WHAT NEEDS TO BE DONE: Copy the data exactly from the line that contains "Hale Kainalu is" through the line that contains "- В верхнем", keeping both end lines and leaving out everything else.

SOURCE INFORMATION:
=-=-=-=-=
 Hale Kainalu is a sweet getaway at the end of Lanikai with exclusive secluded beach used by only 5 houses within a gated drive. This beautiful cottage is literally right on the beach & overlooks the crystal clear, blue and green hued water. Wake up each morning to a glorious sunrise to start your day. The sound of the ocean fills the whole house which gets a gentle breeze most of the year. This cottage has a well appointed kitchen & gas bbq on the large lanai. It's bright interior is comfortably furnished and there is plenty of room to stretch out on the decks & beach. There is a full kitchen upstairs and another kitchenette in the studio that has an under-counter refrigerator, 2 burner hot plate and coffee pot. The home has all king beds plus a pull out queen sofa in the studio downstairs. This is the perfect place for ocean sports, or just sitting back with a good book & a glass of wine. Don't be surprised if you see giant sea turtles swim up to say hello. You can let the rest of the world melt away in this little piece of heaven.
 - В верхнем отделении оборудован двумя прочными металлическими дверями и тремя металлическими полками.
=-=-=-=-=
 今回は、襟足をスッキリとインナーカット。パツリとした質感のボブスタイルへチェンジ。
=-=-=-=-=
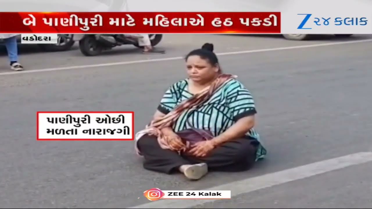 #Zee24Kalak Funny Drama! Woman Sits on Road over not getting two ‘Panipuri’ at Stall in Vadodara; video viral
=-=-=-=-=
EXERCISE RESULT:
 Hale Kainalu is a sweet getaway at the end of Lanikai with exclusive secluded beach used by only 5 houses within a gated drive. This beautiful cottage is literally right on the beach & overlooks the crystal clear, blue and green hued water. Wake up each morning to a glorious sunrise to start your day. The sound of the ocean fills the whole house which gets a gentle breeze most of the year. This cottage has a well appointed kitchen & gas bbq on the large lanai. It's bright interior is comfortably furnished and there is plenty of room to stretch out on the decks & beach. There is a full kitchen upstairs and another kitchenette in the studio that has an under-counter refrigerator, 2 burner hot plate and coffee pot. The home has all king beds plus a pull out queen sofa in the studio downstairs. This is the perfect place for ocean sports, or just sitting back with a good book & a glass of wine. Don't be surprised if you see giant sea turtles swim up to say hello. You can let the rest of the world melt away in this little piece of heaven.
 - В верхнем отделении оборудован двумя прочными металлическими дверями и тремя металлическими полками.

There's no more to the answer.